Source: Golden Dayz via Shutterstock
A nonprofit has launched the first open source platform aimed at delivering sophisticated anti-fraud capabilities to financial systems in Africa as well as parts of Asia and the Middle East.
The Tazama open source project is real-time financial transaction monitoring software that can be deployed by digital financial services providers to detect and block fraudulent transactions and protect consumer accounts. While large financial firms such as Visa and Mastercard have such capabilities, smaller financial institutions and government agencies in the region do not, making their financial systems prone to fraud and undermining citizens' trust in the system.
Funded by the Linux Foundation Charities and the Bill and Melinda Gates Foundation, the open source Tazama project has completed alpha pilot projects in Jordan and South Africa and plans to expand its deployments. It's already working with the Central Bank of West African States (BCEAO) and rural banks in the Philippines, says Greg McCormick, executive director of the Tazama Project at Linux Foundation.
"What we want is a system that is affordable, easy to use, and can take care of certain types of fraud," he says. "We're trying to really serve the underserved, if you will, and get them banked and get them into the into the future and hopefully help them" get to a place where they are earning more than dollars a month, he adds.
Providing anti-fraud services like Tazama is critical to increasing trust and raising citizens' participation in a country's financial system, which is a key part of overall economic development. Africa and some nations in the Middle East and Asia lag far behind in account ownership compared with the United States, Europe, and the richer economics of Asia. Only 27% of adults in Egypt have a bank account, 47% of adults in Jordan, 45% in Kenya, 36% in Burkina Faso, and 45% in Nigeria, according to The Global Findex Database 2021, published by the World Bank.
The Gates Foundation found that delivering banking services to lower-income citizens is a key component of meeting its goal of helping deploy real-time digital payments, which can help economies grow. In many countries, people are living on just dollars a month, which does not make it profitable for large financial firms to create their own financial networks. Instead, homegrown systems based on open source software are needed, McCormick says.
Real-Time Fraud Detection
The Tazama open source software is a server that takes in information and applies more than 270 different rules, each one of which produces a single answer. The rules are combined into typologies, which look for particular types of fraud, according to Tazama documentation.
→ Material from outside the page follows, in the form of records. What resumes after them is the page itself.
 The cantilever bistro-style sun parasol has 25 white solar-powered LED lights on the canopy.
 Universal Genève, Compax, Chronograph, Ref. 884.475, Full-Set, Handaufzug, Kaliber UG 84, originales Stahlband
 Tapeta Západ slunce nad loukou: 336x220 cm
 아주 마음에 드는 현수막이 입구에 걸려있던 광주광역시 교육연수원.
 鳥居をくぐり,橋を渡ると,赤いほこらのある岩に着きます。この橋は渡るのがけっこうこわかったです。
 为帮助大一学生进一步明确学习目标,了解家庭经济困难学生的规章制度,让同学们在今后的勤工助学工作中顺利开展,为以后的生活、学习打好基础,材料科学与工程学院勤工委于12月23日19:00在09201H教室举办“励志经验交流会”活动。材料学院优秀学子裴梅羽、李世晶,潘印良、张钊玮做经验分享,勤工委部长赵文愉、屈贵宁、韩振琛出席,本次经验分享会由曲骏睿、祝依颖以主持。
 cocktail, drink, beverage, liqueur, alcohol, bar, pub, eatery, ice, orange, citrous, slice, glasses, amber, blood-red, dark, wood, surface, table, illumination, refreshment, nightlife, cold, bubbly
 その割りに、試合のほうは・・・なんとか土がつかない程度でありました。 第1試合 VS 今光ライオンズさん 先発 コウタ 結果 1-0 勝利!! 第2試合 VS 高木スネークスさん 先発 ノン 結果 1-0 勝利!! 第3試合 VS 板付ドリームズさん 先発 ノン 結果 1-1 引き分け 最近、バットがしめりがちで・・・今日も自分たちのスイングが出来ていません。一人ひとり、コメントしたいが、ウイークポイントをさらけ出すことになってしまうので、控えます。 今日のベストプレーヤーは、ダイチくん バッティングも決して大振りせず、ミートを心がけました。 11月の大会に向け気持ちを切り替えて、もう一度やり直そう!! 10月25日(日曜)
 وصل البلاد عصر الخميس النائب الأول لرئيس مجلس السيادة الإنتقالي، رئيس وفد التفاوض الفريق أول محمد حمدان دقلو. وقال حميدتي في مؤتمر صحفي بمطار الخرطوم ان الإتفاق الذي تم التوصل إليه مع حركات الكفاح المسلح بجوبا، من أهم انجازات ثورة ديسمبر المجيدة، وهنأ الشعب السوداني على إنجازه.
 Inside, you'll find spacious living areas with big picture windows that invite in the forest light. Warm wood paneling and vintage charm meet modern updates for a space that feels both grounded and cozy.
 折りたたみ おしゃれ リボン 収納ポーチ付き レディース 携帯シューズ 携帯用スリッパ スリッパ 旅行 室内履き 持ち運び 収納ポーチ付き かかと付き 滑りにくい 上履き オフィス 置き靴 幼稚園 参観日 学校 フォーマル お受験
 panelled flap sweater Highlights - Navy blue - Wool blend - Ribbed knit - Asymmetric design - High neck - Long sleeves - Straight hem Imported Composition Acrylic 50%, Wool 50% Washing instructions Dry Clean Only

The information flow for a financial transaction in Tazama's anti-fraud platform. Source: Tazama.org
With digital fraud growing in Africa and other parts of the world, such as a recent spate of Magecart attacks on e-commerce websites, protecting the financial system and its participants from fraud is especially timely.
The pilot project's servers are currently running 2,300 transactions per second, which results in detection of fraud in real-time, McCormick says.
"We're hardening the network, so fewer places for people to get on board and do bad things — less money muling and issues along those lines," he says. "We offer about 30 types of fraud checks right now, but to be honest, everybody that uses this system is going to customize it."
For example, the Central Bank of West African States (BCEAO) — made up of more than 270 banks, 17 mobile money operations, and 43 money "creators" — will likely mandate that those organizations have an anti-fraud capability and result in about 60% to 70% of those organizations using Tazama, he says.
Adding AI for Cybersecurity
The platform is a machine-learning engine that ingests transaction data in real-time, stores the information in a database, and then uses behavioral modeling to determine whether the transaction is likely legitimate or a sign of fraud, says Justus Ortlepp, product manager for Tazama.
"The intention is for the platform to be able to ingest all of your transactions so that it can have as comprehensive a picture of somebody's behavior," he says. "That 'somebody' could be a company, legal entity that is trading across the network, or an individual who is using the financial system."
Tazama also targets other types of financial ruses. Job fraud, where the criminal offers work to people but then steals their money, is common in some parts of Africa, while laundering funds stolen through other criminal schemes is another common attack on financial systems, says Ortlepp.
"Even though money laundering is not typically fraud, fraud eventually becomes money laundering anyway, because that's how fraudsters squirrel away their funds and hide the proceeds of that particular crime," he says.
The Tazama group plans to build more capabilities into the platform, including explainable AI and other advanced features. Many targeted countries do not have a cybersecurity-skilled workforce or resources to deploy a complex platform, so using machine learning and AI to make the platform easier to use and manage is important, McCormick says.
"We need to make it pretty simple, so that the banks and fintechs and the other people could run this and can create trusted networks and do trust transactions," he says. "So the future is really all about simplification, the use of AI and adding more functionality as far as ease of use."